CS 194-26 Project 5: Image Warping and Mosaicing

Eric Li

Overview

The goal of this project is to use homographies in order to create rectified images. The idea here is to use linear transformations to generate warps that tkae an image from an unalighned state to an aligned state.

Shooting the Pictures

Here are the images that I plan on warping.

Image Rectification

After coding up the warp calculator using a set of points and least squares to determine the most suitable homography, I was able to use the math to straighten images.

Panorama Generation

For this part I warp both images to the same plane and use a Laplacian pyramid to blend the images.

The individual warped images and their combination aligned with SSD are as follows.

Stitching the two parts of the parts of the image also using SSD values yields the following.

Running the same procedure on another set of images.

Project Part 2

For automatic panorama generation, I started out finding the corners in the image.
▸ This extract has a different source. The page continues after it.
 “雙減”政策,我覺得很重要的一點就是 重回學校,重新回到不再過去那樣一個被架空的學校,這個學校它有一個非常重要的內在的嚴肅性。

This was in the order of tens of thousands, so I used supression to get the corners for the images as follows. These images are generated by implementing a feature descriptor for each feature point and matching the feature discriptors between the two points by using an SSD metric to compare them. The features I used are normalized and demeaned for best comparison accuracy.
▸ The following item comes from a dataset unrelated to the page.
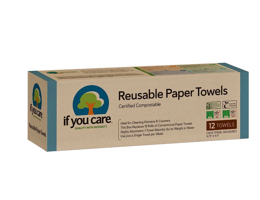 If You Care herbruikbare papieren handdoekjes worden in een gepatenteerd proces gemaakt van een driedimensionaal mengsel van cellulose, non-GMO ongebleekt katoen en mirabiliet - een natuurlijk mineraal zout.

I then pick the points with a ratio between second best match and best match of less than 0.2, which yields the following points. I run a RANSAC to compute a homography and use the procedure I wrote in the first part of the project to compute a homography.

Here are the results of my homography.

The following is the mask I use in the Laplacian blend of the two images.

What I Learned

In this project I learned that linear transformations are able to transform pictures taken from different angles from the same location into all sorts of different angles and scalings to make them fit on a certain surface. Linear algebra yields important tools that allows us to cast objects to affine shapes while preserving the relative position of the object with the environment around them.

In the second part of the project I learned that we can use SSD to match features. Using these features and a neat way of computing match ratios, we can give our RANSAC the best possible candidates for a homography computation. This set of points and the homography computed can then be subject to linear algebra methods that allow us to project one image to the other completely automatically.